Archived article from Oct 30, 1998

By Douglas Frank  

James Goodman spent a dozen or so happy afternoons over several years as a "ghost annotator" for a slim volume of John Kenneth Galbraith's letters to John F. Kennedy. "Letters to Kennedy" was published in May by Harvard University Press.

The assignment, spanning 1995-97, was "fascinating and a pleasure," recalls the associate professor of history at Rutgers-Newark. "Galbraith is incredibly learned and distinguished, and fascinating and fun to talk to. He loves to laugh and tell a story."

Now 90, Galbraith, author of the celebrated "The Affluent Society" and Kennedy's ambassador to India from 1961 to 1963, is a professor emeritus of economics at Harvard University, where he had been on the faculty when Kennedy was a student. Goodman was an associate professor of history at Harvard before coming to Rutgers in 1997.

"Letters to Kennedy" is a selection of the letters that Galbraith sent to Kennedy from spring 1959 to just a few weeks before the president was assassinated in November 1963. In recent years, Galbraith decided he wanted to publish the letters, and he gathered them together with the help of the Kennedy Library.

"I was asked by Harvard University Press to work with Galbraith on the notes," Goodman remembers. "Nothing elaborate, but to provide information for the general reader who might not know about various references to people, places or events."

Galbraith and Goodman, with tape recorder and pad, sat together in Galbraith's living room with a pile of letters in front of them, which they went over one by one. "I'd pass him a letter and he would take a look at it and tell me a story. Some details he wouldn't remember, and later I went to standard histories to look them up."

Goodman especially enjoyed the intellectual ambience. "Walking into his house and sitting with him was like walking into history. The walls of his study are lined with photographs of some of the most famous and glamorous people of the last half century. And his bookshelves contain an enormous range of books in all fields."

Goodman's annotating sometimes involved setting the background for a particular reference or providing identities of persons, places or things. For example, a reference to "Soapy" Williams is identified as G. Mennen Williams, former governor of Michigan, in the notes.
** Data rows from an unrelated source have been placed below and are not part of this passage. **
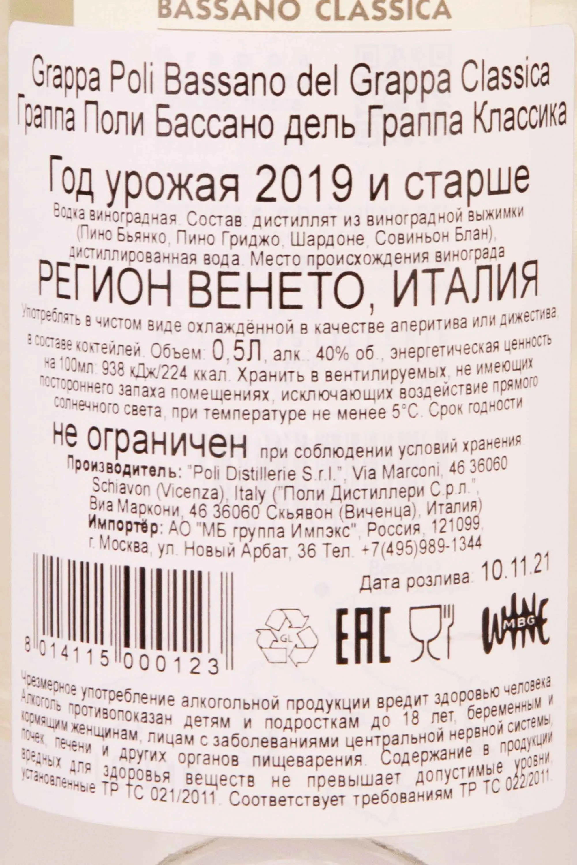 Poli Bassano del Grappa Classica 0.5 л купить - Граппа Поли Бассано дель Граппа Классика цена в магазинег. Москва, ул. Профсоюзная, д. 16/1010:00-22:00 Ежедневно+7 (495) 920-20-02info@cru.ru
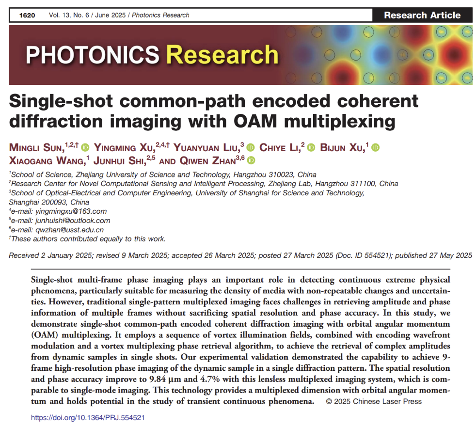 为第一单位,应用物理系孙明丽博士为论文的第一作者,深圳大学徐英明助理教授,之江实验室施钧辉教授和上海理工大学詹其文教授为论文通讯作者。此研究获得国家自然基金项目、浙江省重点研发项目的支持。
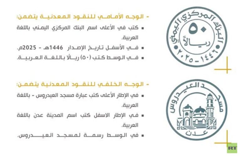 أعلن البنك المركزي اليمني في صنعاء، الخاضع لسيطرة جماعة أنصار الله (الحوثيين)، عن بدء تداول عملة معدنية جديدة من فئة 50 ريالا، وذلك اعتباراً من الأحد 13 يوليو 2025، في خطوة تهدف إلى استبدال الأوراق النقدية التالفة وتعزيز جودة النقد المتداول دون التأثير على الكتلة النقدية أو أسعار الصرف.
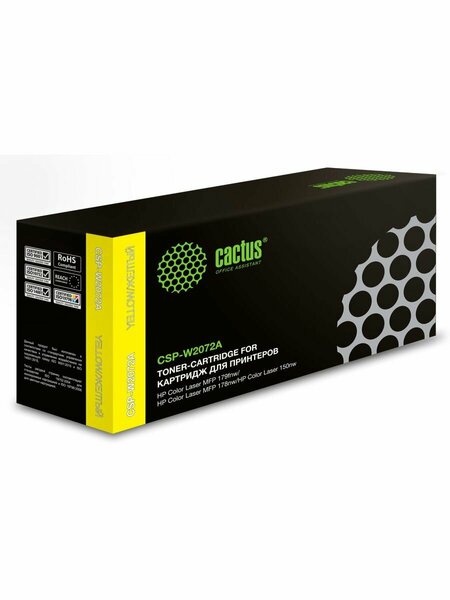 Картридж лазерный CSP-W2072A с обновляемым чипом под последнюю прошивку аппарата. Обновление чипов до текущих прошивок аппаратов можно произвести в СЦ Cactus. Желтый. Совместим с принтерами HP.
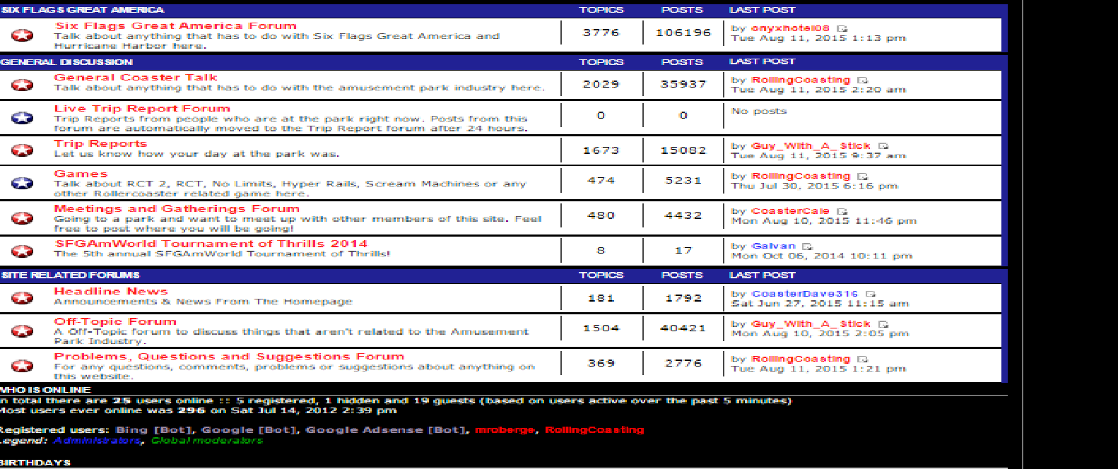 When Great America doesn't add anything major, like the years they added Operation Spygirl, Wiggles World, Buccaneer Battle. Interest level in talking about the park goes down and there is obviously less discussion. With them not really adding anything major in 2015, the interest level is down now.....until the next major attraction, whenever that will be.
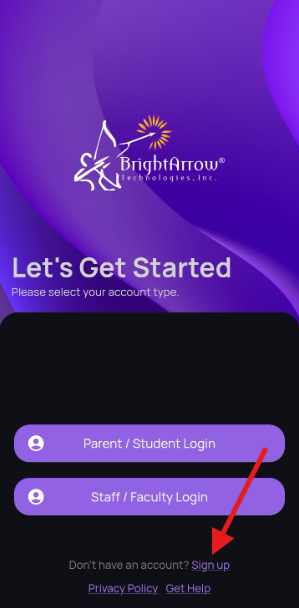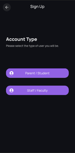 - Choose the account type that best applies to you, either Parent / Student or Staff / Faculty (staff members who are also parents should use Staff / Faculty)
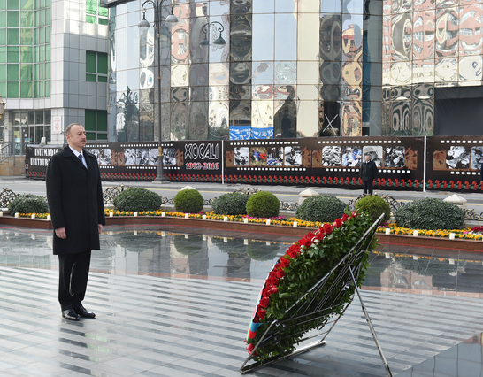 Prezident İlham Əliyev abidənin önünə əklil qoydu, faciə qurbanlarının xatirəsinə ehtiramını bildirdi.
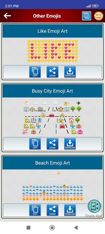 Emoji Art Sharing & Copy Paste App приносит вам последние и множество популярных Emoji, чтобы выразить свои эмоции очень смешно. В этом приложении вы найдете различные типы Emoji как Animal Birthday Food Fun Girls Good Morning Good Night Love Heart Miss You SMS спорт и т.д. Это бесплатное приложение для Android предлагает вам новый способ выразить свой гнев Любовь Счастья для ваших друзей и членов семьи с широкое разнообразие Emoji текста искусства. С помощью этого приложения вы можете просто скопировать и вставить, чтобы отправить выбранный Emoji, чтобы выразить свои чувства.
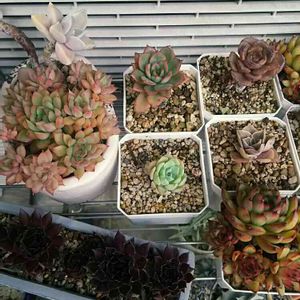 里子予定の多肉⑤ 【エケベリア】女雛(群生)、養老1個、ロスラリス1個、名無し(右上とその隣)各1個 【センペルビウム】ブランプローズ 女雛って、どうしてこんなに増えるんだろうね? 怖すぎて鉢増し止めちゃったよ😅 名無し達は木立ちしてるよ😃 何回もカットして仕立て直すけど、直ぐ木立ちになるからそのまま~(^w^)

Similarly, Alma-Ata, located on the Russian-Chinese border, is where Galbraith recalls being "attacked by a fierce dog, which tore a sizable chunk of flesh from the inside of my leg."
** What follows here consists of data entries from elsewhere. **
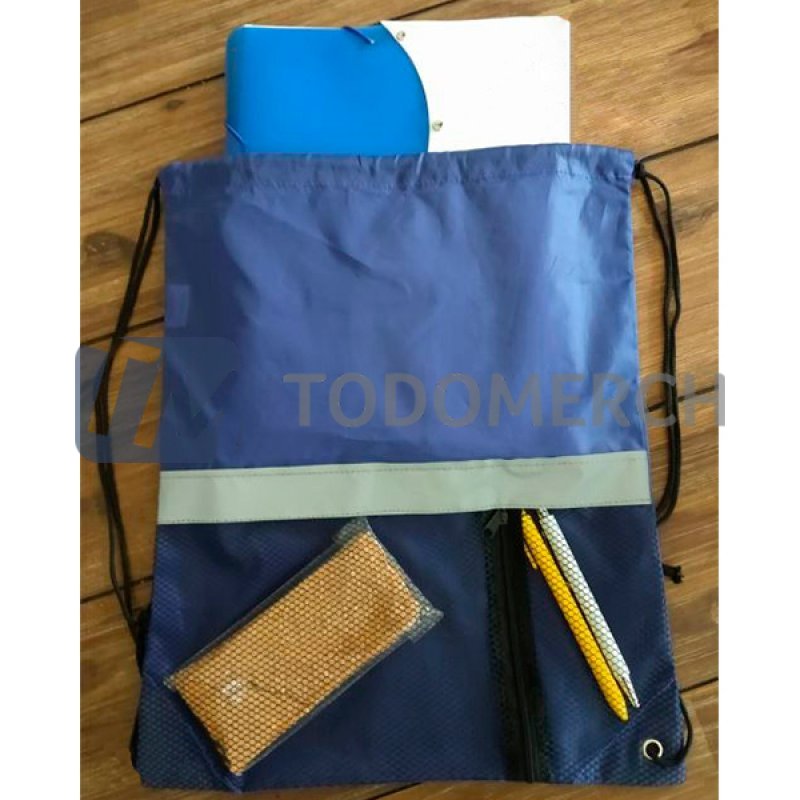 Bolso mochila con franja reflectante y bolsillo.
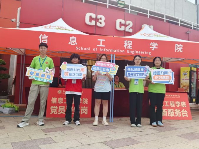 迎新现场,身着志愿服装的员工党员志愿者们,成为校园里最亮眼的“服务名片”。在公司迎新服务台,他们提前到岗、分工明确,以饱满热情迎接每一位新生及家长:主动上前接过沉重行李,细致讲解报到流程与材料提交要求,入学后注意事项等疑问。
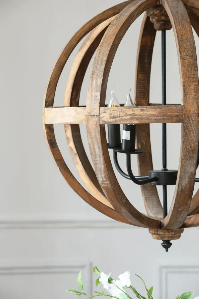 - Design: Wood chandelier with contrasting iron fixture, offering a versatile style that matches various decors.

Goodman explains the letters were very much welcomed by Kennedy, although he was unable to take the time to respond to them.
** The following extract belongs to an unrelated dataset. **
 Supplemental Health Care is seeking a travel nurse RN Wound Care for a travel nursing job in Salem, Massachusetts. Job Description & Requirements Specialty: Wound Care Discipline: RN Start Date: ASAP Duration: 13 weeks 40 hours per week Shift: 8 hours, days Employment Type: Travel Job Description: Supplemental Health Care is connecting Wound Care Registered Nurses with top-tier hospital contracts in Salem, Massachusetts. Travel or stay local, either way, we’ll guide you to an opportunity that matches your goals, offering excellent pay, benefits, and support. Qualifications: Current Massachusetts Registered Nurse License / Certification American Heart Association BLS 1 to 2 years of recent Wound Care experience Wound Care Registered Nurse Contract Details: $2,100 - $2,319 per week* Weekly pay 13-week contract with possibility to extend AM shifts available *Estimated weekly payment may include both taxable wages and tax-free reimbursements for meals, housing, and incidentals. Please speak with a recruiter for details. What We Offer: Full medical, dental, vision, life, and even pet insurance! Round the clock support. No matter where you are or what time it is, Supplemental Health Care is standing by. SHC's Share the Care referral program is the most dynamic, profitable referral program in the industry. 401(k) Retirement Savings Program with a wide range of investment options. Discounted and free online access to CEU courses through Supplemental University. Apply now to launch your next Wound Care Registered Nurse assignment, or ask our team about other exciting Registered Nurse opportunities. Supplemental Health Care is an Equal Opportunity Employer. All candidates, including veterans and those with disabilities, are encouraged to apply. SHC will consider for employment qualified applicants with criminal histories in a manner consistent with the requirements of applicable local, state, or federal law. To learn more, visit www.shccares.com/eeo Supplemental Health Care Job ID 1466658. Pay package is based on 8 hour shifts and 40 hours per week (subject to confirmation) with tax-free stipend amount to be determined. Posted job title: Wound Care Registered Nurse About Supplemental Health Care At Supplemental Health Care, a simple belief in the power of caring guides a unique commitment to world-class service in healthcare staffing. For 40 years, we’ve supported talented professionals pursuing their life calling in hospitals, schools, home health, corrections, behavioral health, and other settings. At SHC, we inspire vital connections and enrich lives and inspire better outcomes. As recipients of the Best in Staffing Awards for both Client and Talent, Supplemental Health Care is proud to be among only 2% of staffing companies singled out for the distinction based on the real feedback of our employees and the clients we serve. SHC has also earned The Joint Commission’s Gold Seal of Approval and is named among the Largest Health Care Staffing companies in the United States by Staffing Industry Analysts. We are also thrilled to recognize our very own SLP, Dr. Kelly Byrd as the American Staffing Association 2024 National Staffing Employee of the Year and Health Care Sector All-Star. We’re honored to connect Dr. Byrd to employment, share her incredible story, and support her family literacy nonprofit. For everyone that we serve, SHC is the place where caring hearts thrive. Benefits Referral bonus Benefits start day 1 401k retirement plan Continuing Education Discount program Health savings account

Some of the letters are reports from Galbraith as ambassador, while others contain his concerns about the Cuban missile crisis or the threat of Communism in Indochina, where the ambassador predicted disaster and called for an approach more subtle than hard-line Cold Warriorism.

Much of his advice is, as expected, about economics, and Galbraith's was not always the majority opinion.

At the time, according to Goodman, the economy was sluggish and some economists in the administration were calling for a tax cut to stimulate economic growth. Galbraith, however, argued for increased social spending -- bridges, highways, mass transit and social programs -- to pump money into the economy and spread benefits around.

"He was in the distinct minority in thinking the tax cut was the wrong thing to do," says Goodman, "and that the tax cuts would disproportionately benefit the wealthy." Shortly after Kennedy's assassination, a huge tax cut was enacted.

Above all, the letters are good reading. "Even on subjects the reader may not know anything about, one can sense they are written with tremendous wit, grace and style from the beginning to the end," Goodman concludes.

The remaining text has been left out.